Potential precision loss in AutoDiff through the loss function

**Description**
I have been testing the numerical accuracy of automatic differentiation in NeuralPDEs.jl and observed significant numerical errors when differentiating through the loss function defined by NeuralPDEs. Specifically, the forward-mode Jacobian-vector products (JVPs) with the residual vector defining the loss function exhibit errors in the range of **1e-8**, while other related computations (such as direct evaluations of the model) remain at the expected machine precision (~1e-16).  

This suggests that some internal operations in NeuralPDEs' loss formulation might be inadvertently using **lower-precision arithmetic (Float32 instead of Float64)**, or otherwise introducing unexpected numerical instability.  
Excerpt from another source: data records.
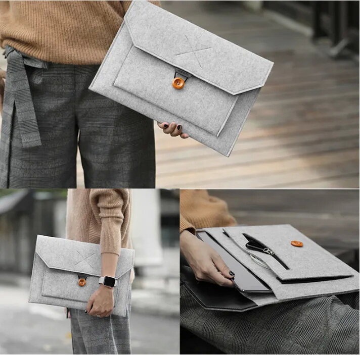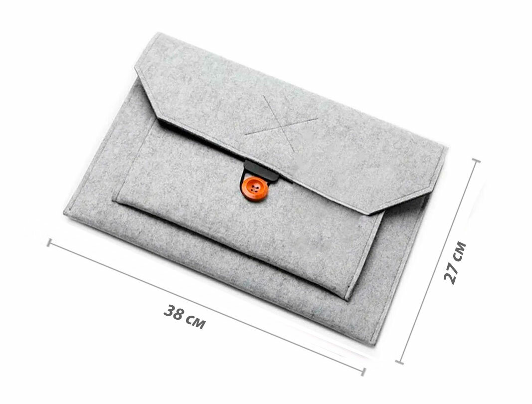 Купить Чехол войлочный для ноутбука, макбука 13-14 дюймов, чехол-конверт универсальный для документов, размер 38-27-3 см, светло-серый
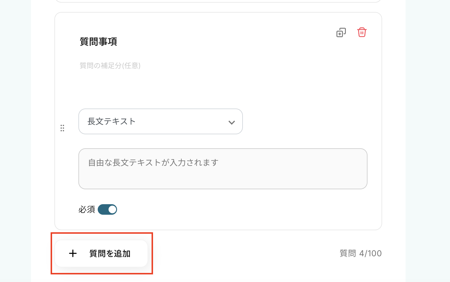 フォームを作成 回答フォームを作成しましょう。 質問項目を増やしたい時は、「質問を追加」をクリックしましょう。 設定したら、次へをクリックします。
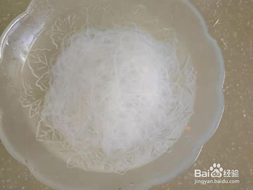 锅中加水烧开,把粉丝放上煮绵软,捞出,在凉水中冲一下过凉,控干水备用,肠胃不好的过凉用的水最好是凉开水。
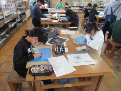 4年生の図工の様子です。彫刻刀を使って版を作っていましたが、集中して掘り進んでいました。
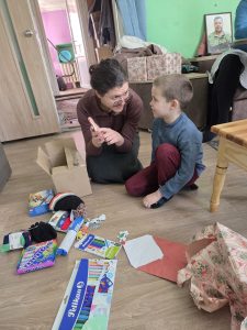 Afgelopen dagen in Smila: even vreugde brengen in een kinderleven omringd door leed. Papa is “verdwenen” na een raketaanval. Fijn om daar een kinder cadeaupakket te brengen, naast de andere hulp.
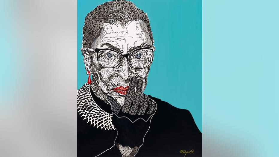 Oyolu, who is a scientist by day and only considers himself a "moonlighting artist," said he wanted to capture Ginsburg's "sophisticated and playful" attitude in her larger than life masterpiece.
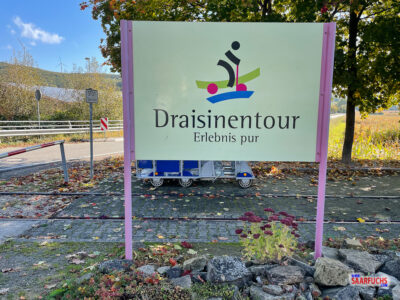 Nicht weit vom Saarland bietet der Landkreis Kusel eine Draisinentour an, bei der verschiedene Fahrraddraisinen zum Einsatz kommen. Es können kleine Draisinen (2 Personen strampeln und 2 Personen sitzen auf der Bank) und große Draisinen (3 Personen strampeln und 4 Personen sitzen auf der Bank) gemietet werden, die jeweils mit oder ohne Elektrounterstützung gebucht werden können. Die Fahrten werden von Mitte April bis Ende Oktober angeboten. Die Details könnt ihr auf der Homepage der Draisinentour nachlesen.
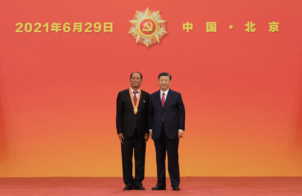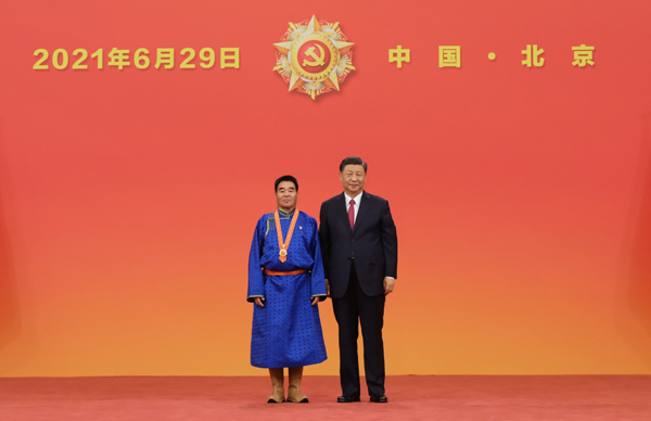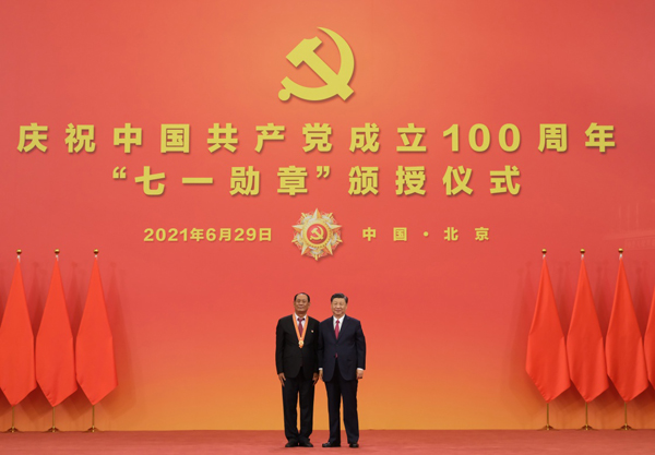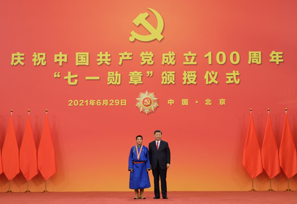 6月29日,庆祝中国共产党成立100周年“七一勋章”颁授仪式在北京人民大会堂金色大厅隆重举行。中共中央总书记、国家主席、中央军委主席习近平向“七一勋章”获得者廷·巴特尔颁授勋章。新华社记者 李学仁 摄

**Additional context and expected behavior**
To investigate this issue, I implemented functions that explicitly define the loss as $L(\theta) =  \sum_{i=1}^n (r_i(\theta))^2$, where $\theta$ are the neural network parameters, and the residuals are defined as:  
- For internal points:  $r_i(\theta) = \mathcal{D}u(x_i) - f(x_i)$ where $\mathcal{D}$ is the differential operator.  
- For boundary points:  $r_i(\theta) = u(x_i) - g(x_i)$ (with optional weighting constants).  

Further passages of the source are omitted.